### DATA SECTION
•••••
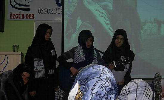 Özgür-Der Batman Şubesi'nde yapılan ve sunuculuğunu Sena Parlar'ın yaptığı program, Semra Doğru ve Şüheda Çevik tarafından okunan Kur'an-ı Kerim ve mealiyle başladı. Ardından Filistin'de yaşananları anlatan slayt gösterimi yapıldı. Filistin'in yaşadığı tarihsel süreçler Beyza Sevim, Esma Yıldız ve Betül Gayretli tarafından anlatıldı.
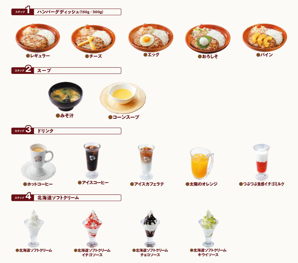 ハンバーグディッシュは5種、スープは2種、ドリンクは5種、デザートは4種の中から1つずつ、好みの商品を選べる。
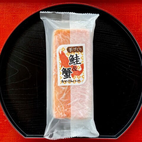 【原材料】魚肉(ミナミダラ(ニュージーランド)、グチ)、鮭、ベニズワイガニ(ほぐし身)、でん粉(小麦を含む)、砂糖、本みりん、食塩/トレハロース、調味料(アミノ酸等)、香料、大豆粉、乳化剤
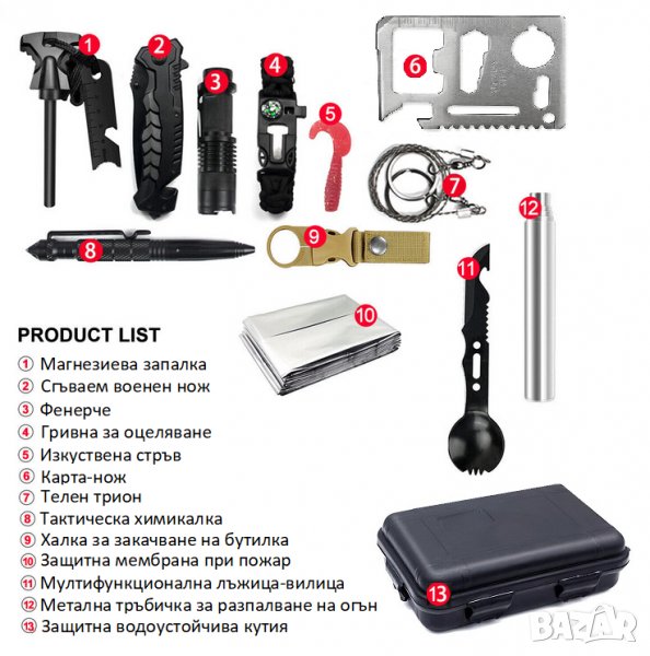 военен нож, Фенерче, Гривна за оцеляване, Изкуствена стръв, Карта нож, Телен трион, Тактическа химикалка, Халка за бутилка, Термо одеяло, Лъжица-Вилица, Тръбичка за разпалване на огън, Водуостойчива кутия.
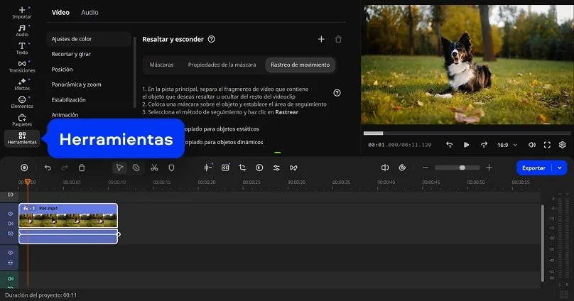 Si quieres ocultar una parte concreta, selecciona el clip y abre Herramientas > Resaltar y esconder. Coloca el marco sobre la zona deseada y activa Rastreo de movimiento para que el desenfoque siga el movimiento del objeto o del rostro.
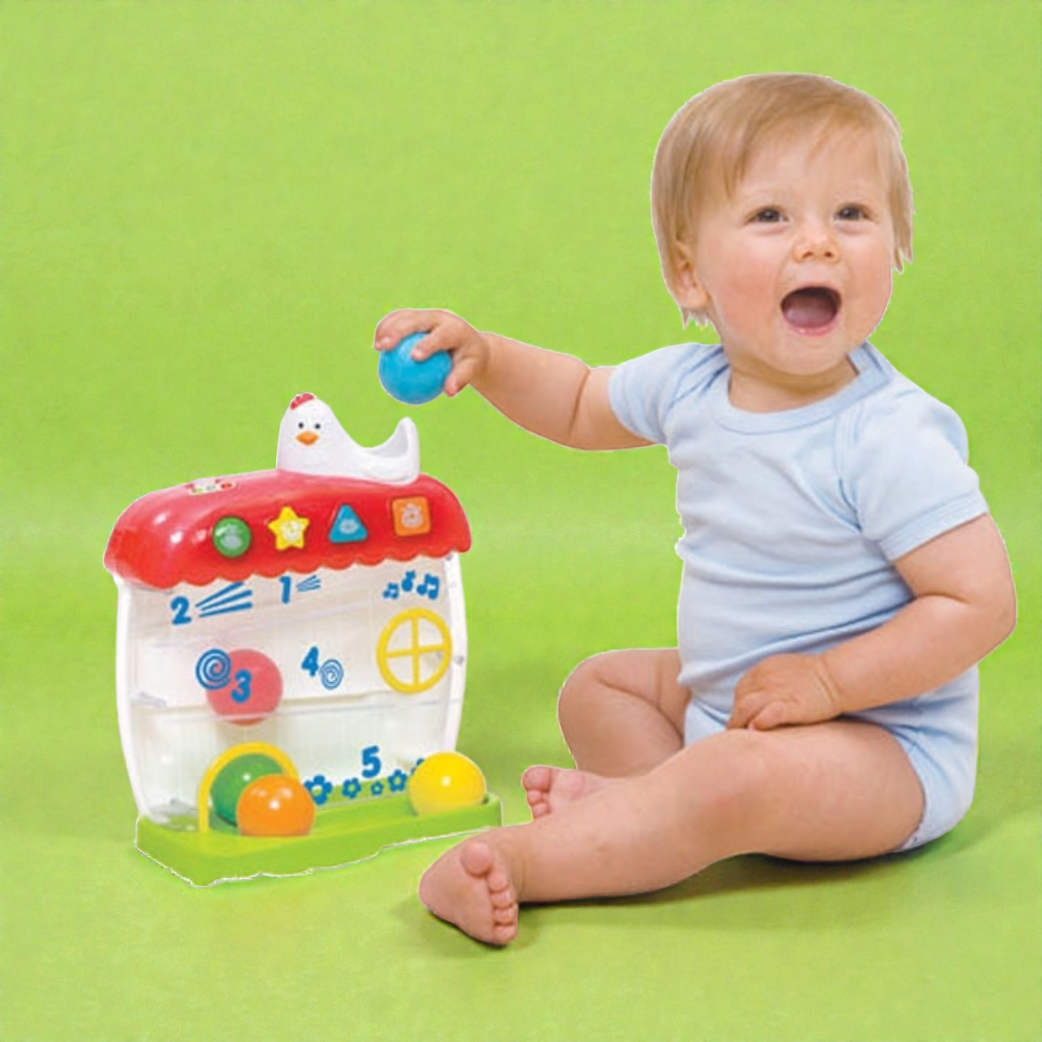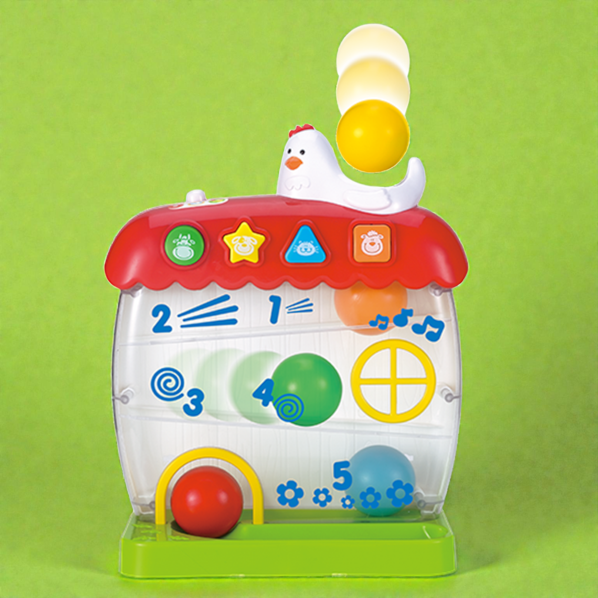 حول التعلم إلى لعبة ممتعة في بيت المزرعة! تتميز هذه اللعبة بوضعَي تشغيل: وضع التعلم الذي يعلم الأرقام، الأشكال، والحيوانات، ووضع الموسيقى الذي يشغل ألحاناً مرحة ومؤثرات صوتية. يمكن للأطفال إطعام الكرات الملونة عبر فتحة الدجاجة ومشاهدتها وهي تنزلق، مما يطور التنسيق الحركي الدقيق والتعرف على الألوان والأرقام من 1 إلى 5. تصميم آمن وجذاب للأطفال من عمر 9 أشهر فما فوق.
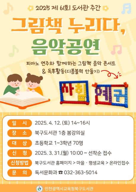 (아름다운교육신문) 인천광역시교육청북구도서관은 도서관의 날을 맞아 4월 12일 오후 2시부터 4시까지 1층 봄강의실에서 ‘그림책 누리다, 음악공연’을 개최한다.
•••••
### YOUR INSTRUCTIONS
Write out exactly the stretch of lines that begins with the line containing "ハンバーグディッシュは5種、" and ends with the last line of the records above, leaving out the pictures.

### REPLY
 ハンバーグディッシュは5種、スープは2種、ドリンクは5種、デザートは4種の中から1つずつ、好みの商品を選べる。
 【原材料】魚肉(ミナミダラ(ニュージーランド)、グチ)、鮭、ベニズワイガニ(ほぐし身)、でん粉(小麦を含む)、砂糖、本みりん、食塩/トレハロース、調味料(アミノ酸等)、香料、大豆粉、乳化剤
 военен нож, Фенерче, Гривна за оцеляване, Изкуствена стръв, Карта нож, Телен трион, Тактическа химикалка, Халка за бутилка, Термо одеяло, Лъжица-Вилица, Тръбичка за разпалване на огън, Водуостойчива кутия.
 Si quieres ocultar una parte concreta, selecciona el clip y abre Herramientas > Resaltar y esconder. Coloca el marco sobre la zona deseada y activa Rastreo de movimiento para que el desenfoque siga el movimiento del objeto o del rostro.
 حول التعلم إلى لعبة ممتعة في بيت المزرعة! تتميز هذه اللعبة بوضعَي تشغيل: وضع التعلم الذي يعلم الأرقام، الأشكال، والحيوانات، ووضع الموسيقى الذي يشغل ألحاناً مرحة ومؤثرات صوتية. يمكن للأطفال إطعام الكرات الملونة عبر فتحة الدجاجة ومشاهدتها وهي تنزلق، مما يطور التنسيق الحركي الدقيق والتعرف على الألوان والأرقام من 1 إلى 5. تصميم آمن وجذاب للأطفال من عمر 9 أشهر فما فوق.
 (아름다운교육신문) 인천광역시교육청북구도서관은 도서관의 날을 맞아 4월 12일 오후 2시부터 4시까지 1층 봄강의실에서 ‘그림책 누리다, 음악공연’을 개최한다.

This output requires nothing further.